Two questions arise: What is the best way to stop Iran getting a nuclear bomb? And how will possible strategies on the nuclear issue interact with the country's tortured internal politics? I doubt very much whether any sanctions acceptable to China will be strong enough to stop Iran from getting to the nuclear weapon threshold. They will, however, worsen the country's economic situation and therefore potentially increase the social discontent that feeds opposition.
Some say the West should have responded more favorably to the recent Turkish-Brazilian proposal to take a chunk of Iran's low-enriched uranium outside the country. I don't think that would have stopped Iran moving covertly to the nuclear weapon threshold, and many regime opponents in Iran would not welcome such readiness to shake their oppressors' bloody hands.
Bombing Iran, as advocated by hotheads in the United States and Israel, almost certainly would produce a wave of patriotic solidarity with the regime.
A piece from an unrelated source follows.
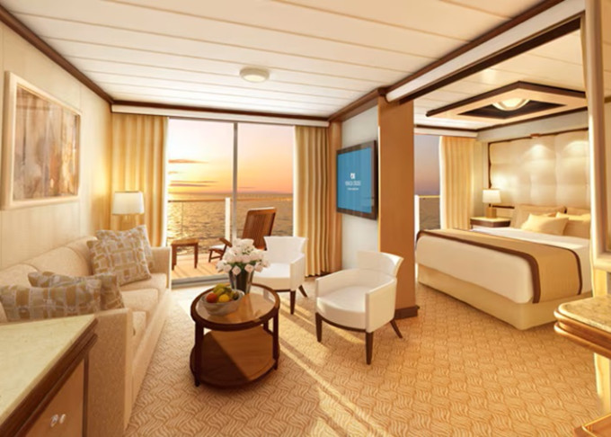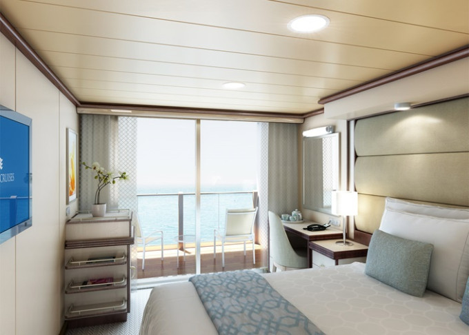 Standardní vybavení kajut: koupelna se sprchou a toaletou, 2 lůžka s možností konfigurace, úložné prostory, minibar, fén, TV, trezor. Balkony je vybaven malým stolkem a 2 židlemi či lehátky.

At the other extreme, ever more foreign policy sages in Washington now say privately (and a few argue publicly) that we must learn to live with — and "contain" — a nuclear Iran. But the risk of sparking a Sunni-Shiite nuclear arms race in the Middle East is very grave, while such a "success" would also strengthen the Ahmadinejad regime at home.
With no good alternatives, what remains is the hope of getting a more responsible government in Iran. To be sure, the leaders of the green movement do not differ as much as we might like from the regime's position on the nuclear issue. But a more popular and legitimate government, reengaging with the world, would create a very different dynamic and set of linkages around the nuclear issue.